Everyone wants to negotiate and get a good price for their house. But, when the deal is closed and the sellers have moved on, they really want to be DONE with the house.
So, what’s the point in concealing a defect?
It just may come back to haunt them, even after the deal has closed.
The sale of houses without new home warranties is subject to the doctrine of caveat emptor, “let the buyer beware”. It’s essentially the buyer’s responsibility to protect himself. This he does by:
- Specific warranties and representations in the contract, and
- Investigation, tests, examinations by qualified experts.
If he fails to do either, he is left without remedy.

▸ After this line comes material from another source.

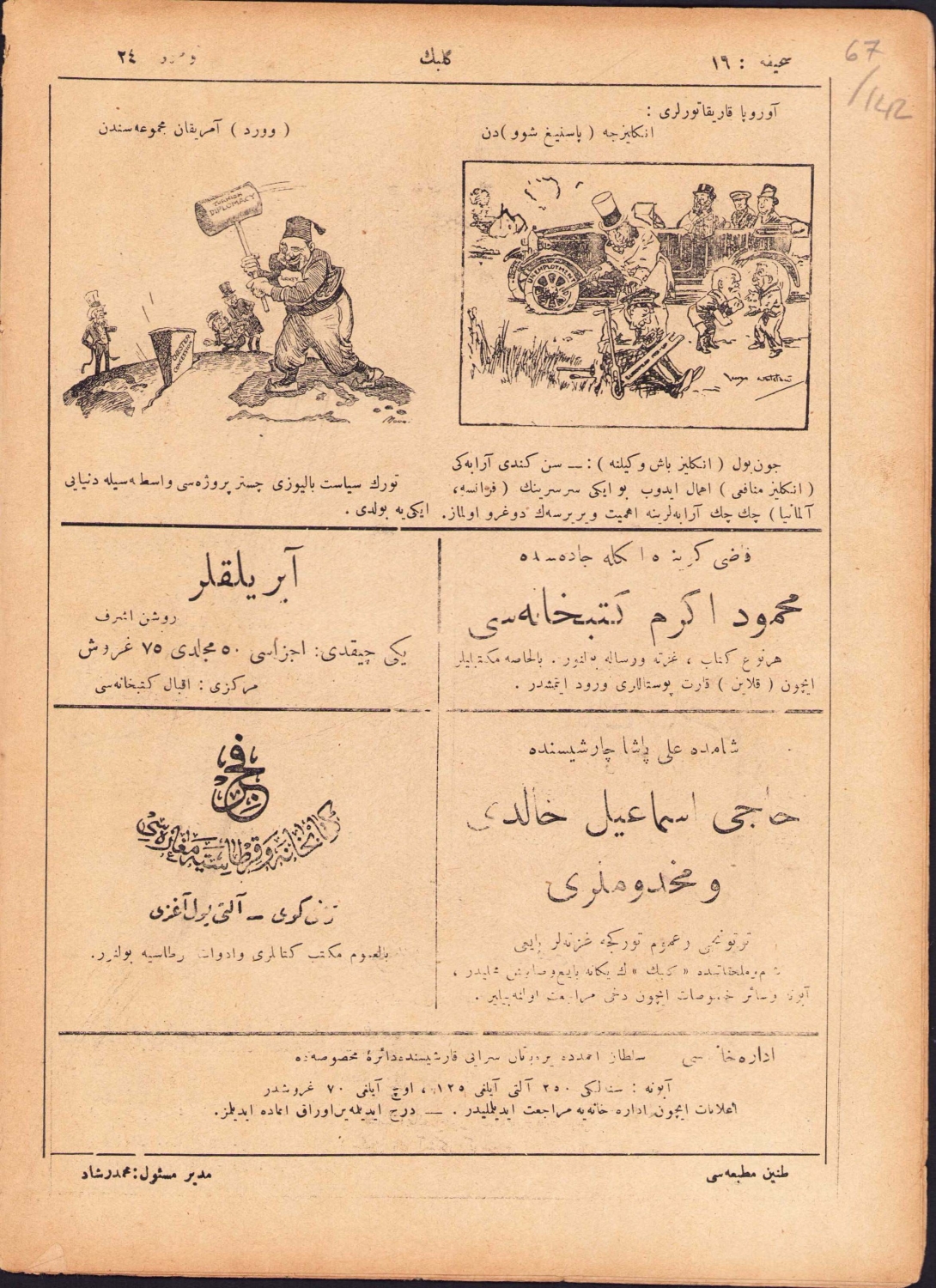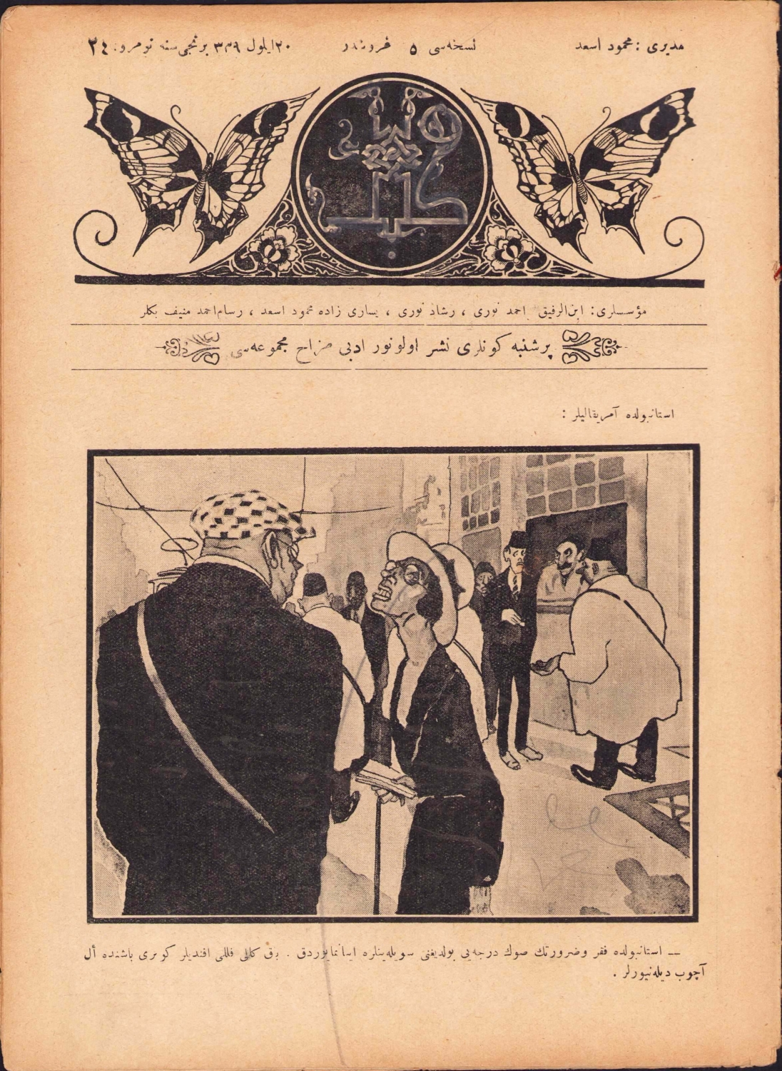 Osmanlıca Kelebek mecmuası, müdürü Mahmut Esat, kapak "İstanbul'da fakr-u zaruretin son dereceyi bulduğunu söyleyenlere inanmıyorduk. Bak kelli felli efendiler köprü başında el açıp dinliyorlar." 16 sayfa, 20x26 cm

If there is a significant defect found after the closing, the buyer is going to be upset. If there is enough money at stake, then there is likely to be a lawsuit.
What does the vendor actually have to disclose?
The law imposes liability upon a vendor (with knowledge) for failure to disclose material latent defects which are known to the vendor and:
- Render the premises structurally unsound, or
- Render the premises unfit for human habitation.
While it may be tough to prove, certainly, if the claim is sufficiently high then there is likely to be a lawsuit.
What’s the absolutely, very best defence against this lawsuit?
DISCLOSURE: the buyer knew about the defect and accepted the risk. The property including the defect was factored into the price!
If the vendor can prove that the buyer KNEW, then the vendor will be successful in the defence.